Varys was mistaken. The enemy did not position themselves before the Dragon gate, but with a cruel jest from the gods, the dragon banners waved before the Lion gate.

And from there Tyrion beheld scores of shamefully strewn Lannister banners, wrinkled from neglect and smeared with mud, and blood, he did not doubt. The banners were watched by ‘Lannister guardsmen’, an armor, with a spear as a backbone, stuffed with straw and twigs, they would fool the eye if they were set farther away. Nearly a hundred Lannister scarecrows. They mock us and we deserve it, Tyrion would have laughed if his head alone could not end up on a pike.

They had moved the men to the other side of the city with ease, but the catapults, scorpions, fire-spitters and heavy cauldrons for boiling water had to be left behind.

“What use is the Master of Whispers if he can’t deliver a good report,” Ser Addam snapped.

“Whispers are hard to catch if you’re leagues away,” Bronn retorted.

Tyrion was speechless; all my wit was buried in the barrels before the Dragon gate. No matter, he had enough men, nearly nine thousand. Almost half of them the City Watch, a conscripted mob, whom Janos Slynt brought under Cersei’s orders.

The fortnight before, the sound of horns in the distance had filled the city with fear, which like hot water on a winter’s day, evaporated into joy when the lion banners appeared before the gates of King’s Landing. Aerys had rejoiced like this when he saw the lion banners.

Tired, dirty and disheartened they entered through the Old gate, and the army of salvation turned out to be an army of wretches. Every third one was wounded, or shitting himself under the impulse of fever, many were without weapons and shields, where bones were not broken and skin slashed, spirit was bleeding.

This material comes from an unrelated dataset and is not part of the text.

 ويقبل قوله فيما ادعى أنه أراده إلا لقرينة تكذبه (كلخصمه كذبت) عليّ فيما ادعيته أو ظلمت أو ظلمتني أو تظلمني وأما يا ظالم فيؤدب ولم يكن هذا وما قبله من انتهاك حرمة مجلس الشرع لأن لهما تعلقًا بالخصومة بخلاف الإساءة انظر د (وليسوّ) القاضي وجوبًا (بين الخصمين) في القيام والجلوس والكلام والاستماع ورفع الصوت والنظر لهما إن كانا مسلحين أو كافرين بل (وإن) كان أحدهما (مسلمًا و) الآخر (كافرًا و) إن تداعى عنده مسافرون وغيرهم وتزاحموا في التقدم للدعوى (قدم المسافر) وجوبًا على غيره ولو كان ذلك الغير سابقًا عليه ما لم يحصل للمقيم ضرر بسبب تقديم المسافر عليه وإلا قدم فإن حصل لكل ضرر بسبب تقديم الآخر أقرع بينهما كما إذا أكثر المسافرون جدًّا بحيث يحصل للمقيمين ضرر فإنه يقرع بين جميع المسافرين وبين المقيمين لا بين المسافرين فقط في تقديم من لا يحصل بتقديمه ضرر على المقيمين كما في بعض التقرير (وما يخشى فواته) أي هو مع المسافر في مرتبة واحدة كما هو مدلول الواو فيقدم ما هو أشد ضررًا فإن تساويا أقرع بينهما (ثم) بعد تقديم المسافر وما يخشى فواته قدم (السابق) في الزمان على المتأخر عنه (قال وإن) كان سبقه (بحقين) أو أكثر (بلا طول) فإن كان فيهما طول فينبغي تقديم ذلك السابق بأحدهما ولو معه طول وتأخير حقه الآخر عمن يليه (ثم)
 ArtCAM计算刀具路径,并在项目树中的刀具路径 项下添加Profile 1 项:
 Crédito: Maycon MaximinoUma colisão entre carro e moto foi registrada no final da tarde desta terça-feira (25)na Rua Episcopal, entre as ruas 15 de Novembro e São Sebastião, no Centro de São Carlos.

A ruined army, barely enough to be five thousand. Ser Addam Marbrand rode through the gate among the last, as a true commander he had seen to all of his men.

The knight did not rest until every wounded man had a bed and a medicine, and every hungry one had a bite and a sip. With the bread in hand and hot soup in front of him, all the eyes of the small council bore into him. All but Joffrey, the little shit had 'more pressing royal matters' than saving his bare skin.

"A calamity. One moment we had them on the edge of the sword, the next moment their horse and bloody elephants swept us off our feet. The beasts stomped on everything that moved or breathed. The army barely had time to curse, when the Dornish riders hit us from the flank and rear." With his last word the room fell silent again.

The horror on Cersei's face turned to words, "how could father let this happen?"

Father was never a military genius, competent certainly, but definitely not Randyll Tarly, Tyrion could have said but did not, now was not the time to rub salt on the fresh wound. Lord Tywin was a man of the bigger picture, patient and cunning, but on the battlefield he could slip too. If Roger Reyne had been faster and more capable, his surprise attack would have written different pages of history. Maybe Tyrion's grandfather Lord Tytos would have apologized to House Reyne for killing his eldest son. Reyne's can stay in hell, otherwise, this dwarf wouldn't be born, but the cruelty of war is, that it does not deprive the world of only the living, but also the unborn. How many maidens waited for their husbands and did not meet them. Lucky for me, I only have whores waiting.

"Is Lord Tywin dead?", Pycelle was almost formal, as formal as a screechy voice could be.

Marbrand shrugged, "we had to break through the Dornish infantry, to escape, many did not make it, that's when I saw him last. He waited behind; for us to make a passage." Tyrion remembered his father from his only battle, how he followed the development from the safety of his hilltop, surrounded by the reserves.